Linux-kselftest Archive on lore.kernel.org
 help / color / Atom feed
WARNING: multiple messages refer to this Message-ID
From: dima at arista.com (Dmitry Safonov)
Subject: [RFC 00/20] ns: Introduce Time Namespace
Date: Wed, 19 Sep 2018 21:50:17 +0100
Message-ID: <20180919205037.9574-1-dima@arista.com> (raw)

[-- Warning: decoded text below may be mangled --]
[-- Attachment #0: Type: text/plain, Size: 6405 bytes --]

Discussions around time virtualization are there for a long time.
The first attempt to implement time namespace was in 2006 by Jeff Dike.
>From that time, the topic appears on and off in various discussions.

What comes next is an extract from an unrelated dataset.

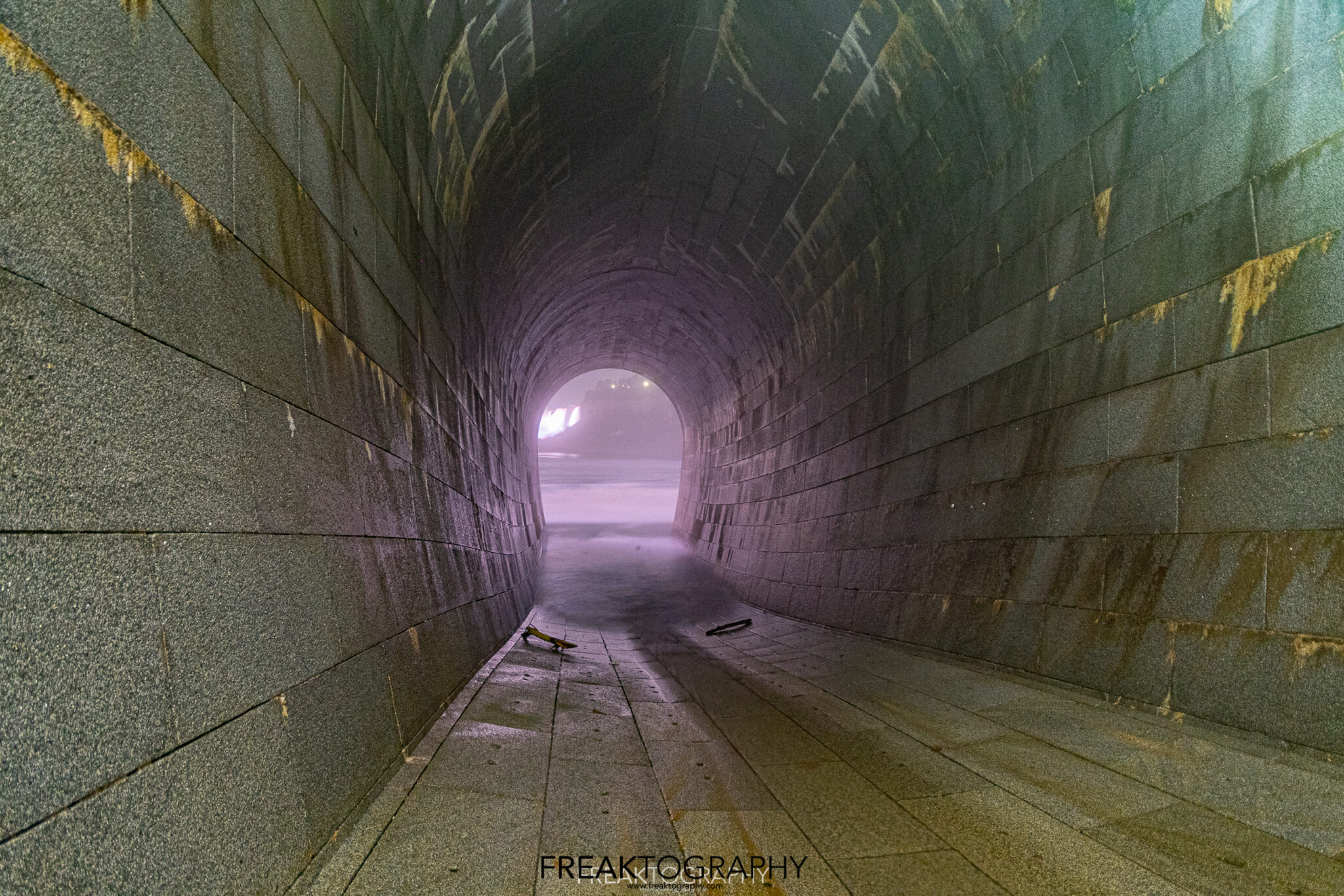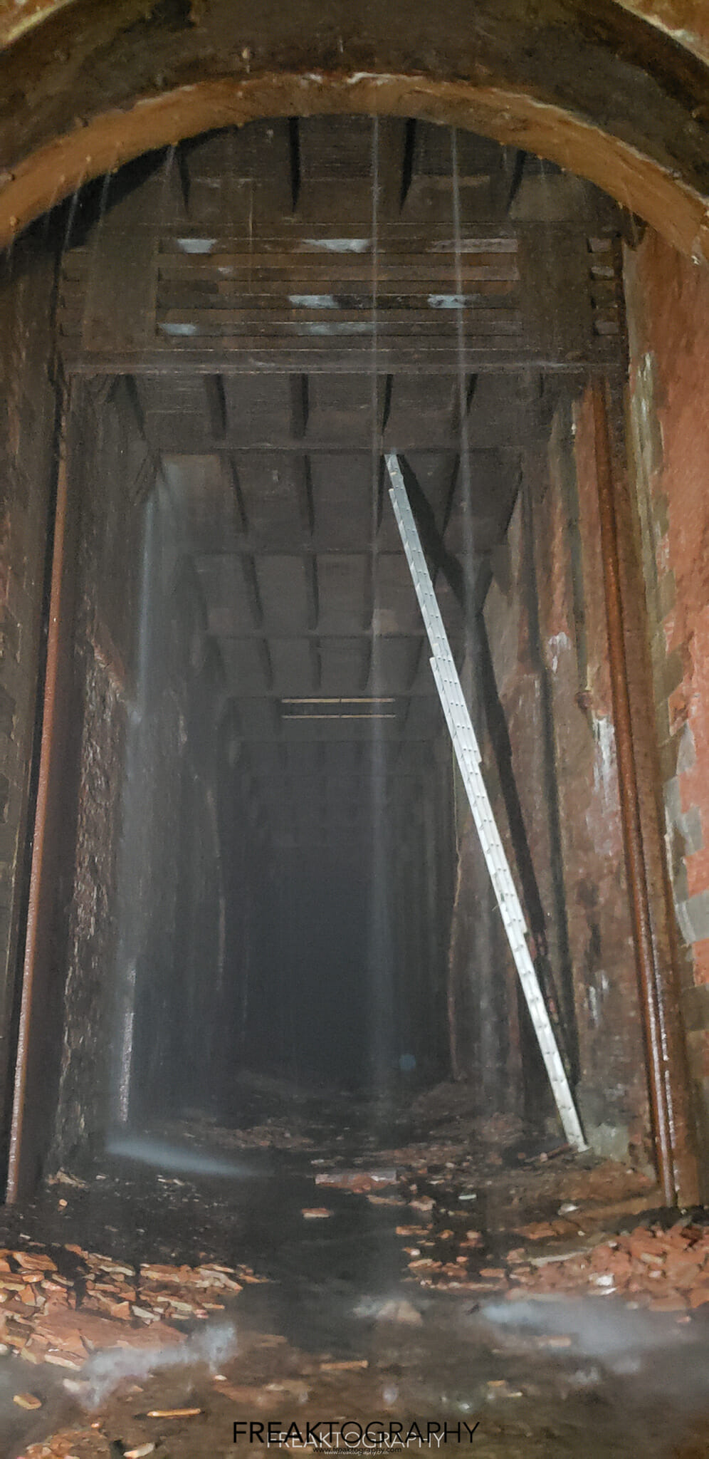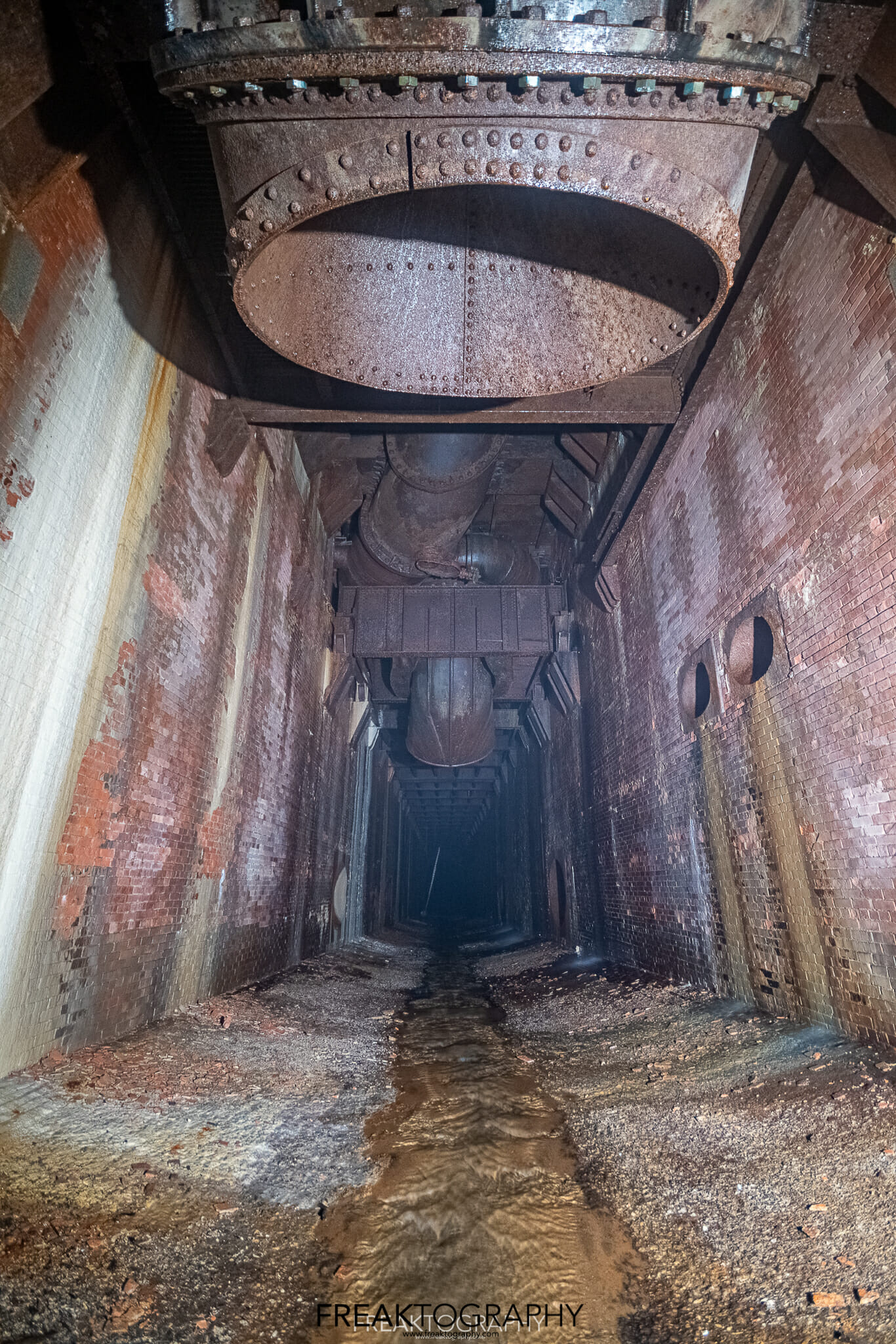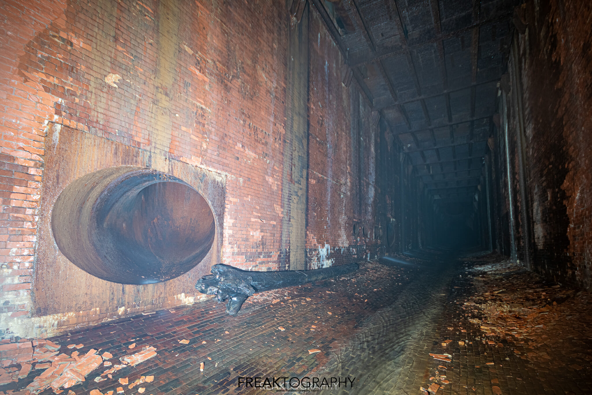 I touch bottom, I am now at the beginning of a 2,200 foot long underground tunnel, I now stand at the brick lined base of an elongated arch at 18.8 feet wide and 25 feet tall and I now have to walk 2,000 feet to my final destination..it is pitch black and it is very misty.

There are two main use cases for time namespaces:
1. change date and time inside a container;
2. adjust clocks for a container restored from a checkpoint.

“It seems like this might be one of the last major obstacles keeping
migration from being used in production systems, given that not all
containers and connections can be migrated as long as a time dependency
is capable of messing it up.” (by github.com/dav-ell)

The kernel provides access to several clocks: CLOCK_REALTIME,
CLOCK_MONOTONIC, CLOCK_BOOTTIME. Last two clocks are monotonous, but the
start points for them are not defined and are different for each running
system. When a container is migrated from one node to another, all
clocks have to be restored into consistent states; in other words, they
have to continue running from the same points where they have been
dumped.

The main idea behind this patch set is adding per-namespace offsets for
system clocks. When a process in a non-root time namespace requests
time of a clock, a namespace offset is added to the current value of
this clock on a host and the sum is returned.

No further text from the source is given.